# Work required:
Write out nothing but the lines from the first line of the entries below through the line with "2、频道主点击自己频道的右上"; no pictures go in.

# Data extract:
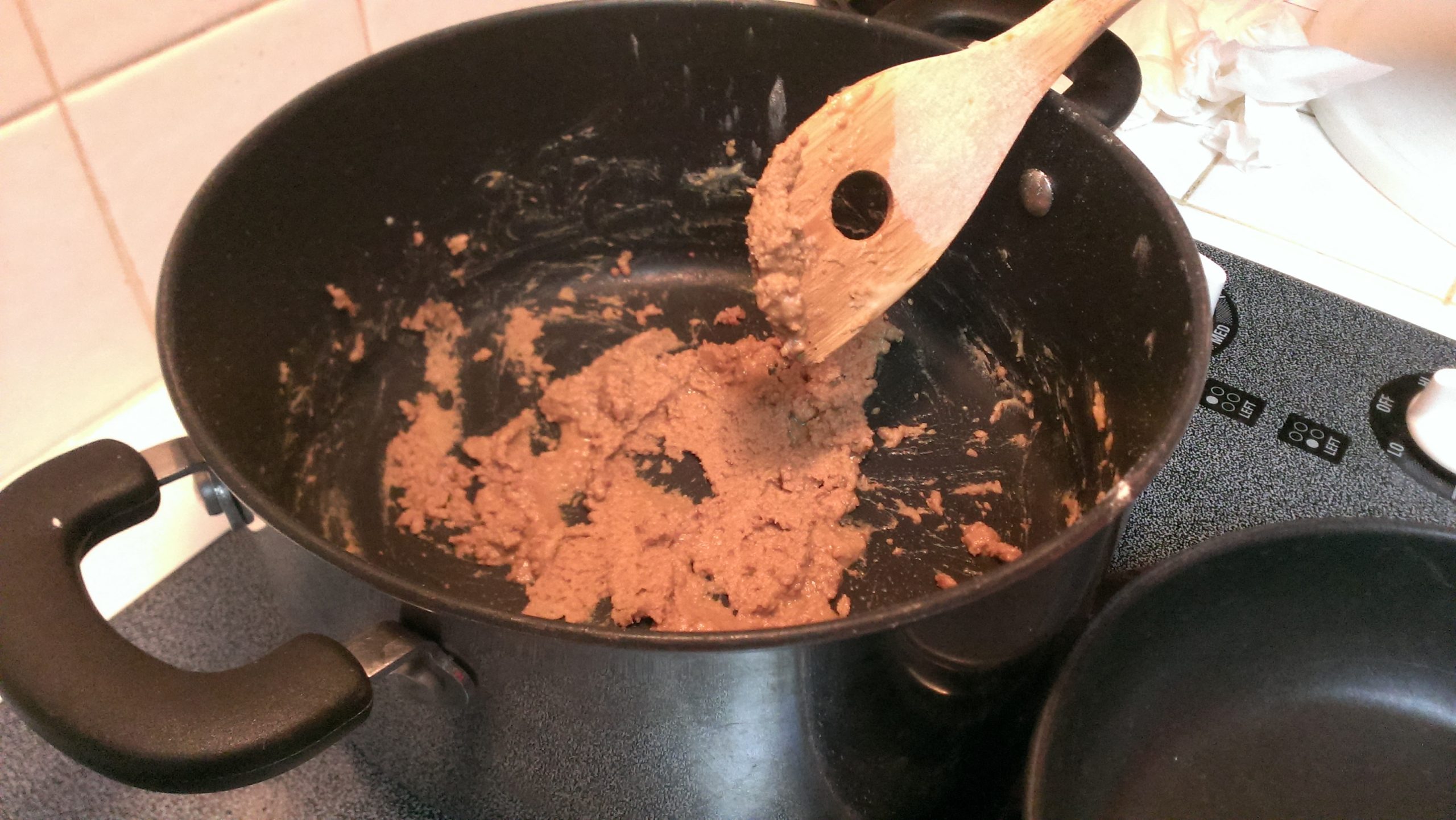 Note: This removes the raw flour taste. Remove from heat immediately. - With a Whisk, pour in chicken stock.
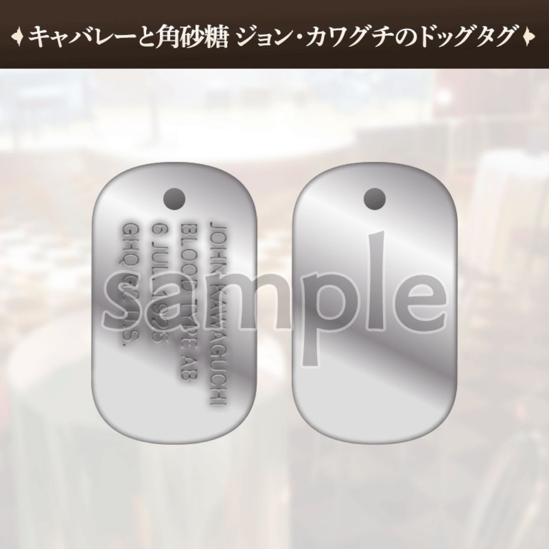 John Kawaguchi Dog Tag adalah merchandise resmi Cabaret and Sugar Cubes yang menjadi simbol identitas penting dalam cerita. Dog tag ini ditampilkan dalam scenario book short story dan ditujukan bagi penggemar serta kolektor.
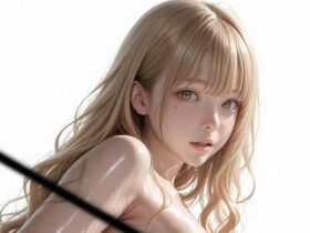 その肉体は、全てを脱ぎ捨てて完成する金色の聖域の崩壊。それは金髪の少女が一糸まとわぬ姿となり、豊満な肉体という秘密の聖域を露わにする情景です。聖なる黄金の輝きが、豊満な肉体の生々しい現実によって官能的に崩壊します。豊満な… -
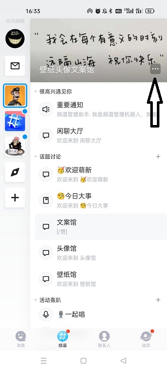 2、频道主点击自己频道的右上角【...】,点击后会弹出许多的选项,在里面找到邀请函的选项点击;
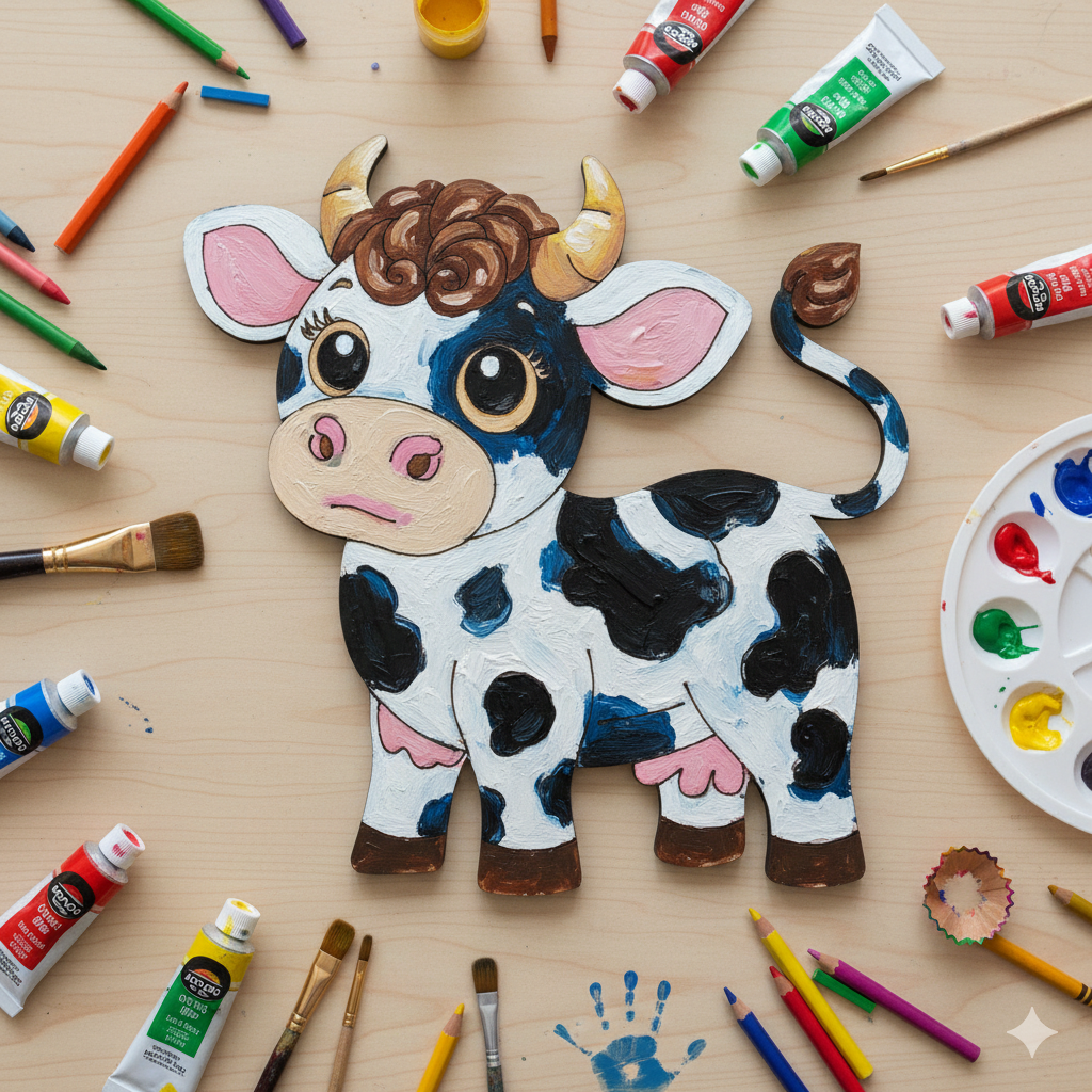 Boyanabilir ahşap inek figürü, çocukların çiftlik hayatına ve hayvanlar dünyasına olan merakını sanatsal bir aktiviteyle birleştiren profesyonel bir çocuk gelişim materyalidir. 15 x 14 cm boyutundaki bu model, yüksek hassasiyetli lazer kesim teknolojisi ile kenarları pürüzsüzleştirilmiş 3 mm ham mdf malzemeden üretilmiştir. Ürün, okul öncesi sanat etkinlikleri ve evde hobi saatleri için boyanabilir ahşap oyuncak standartlarına uygundur. Sempatik inek formu, çocukların odaklanma sürelerine ve görsel algılarına katkı sağlayan eğitici bir hobi materyalidir. Boyama çalışmaları için zımpara gerektirmeyen temiz bir yüzey sunar.

# Exercise response:
 Note: This removes the raw flour taste. Remove from heat immediately. - With a Whisk, pour in chicken stock.
 John Kawaguchi Dog Tag adalah merchandise resmi Cabaret and Sugar Cubes yang menjadi simbol identitas penting dalam cerita. Dog tag ini ditampilkan dalam scenario book short story dan ditujukan bagi penggemar serta kolektor.
 その肉体は、全てを脱ぎ捨てて完成する金色の聖域の崩壊。それは金髪の少女が一糸まとわぬ姿となり、豊満な肉体という秘密の聖域を露わにする情景です。聖なる黄金の輝きが、豊満な肉体の生々しい現実によって官能的に崩壊します。豊満な… -
 2、频道主点击自己频道的右上角【...】,点击后会弹出许多的选项,在里面找到邀请函的选项点击;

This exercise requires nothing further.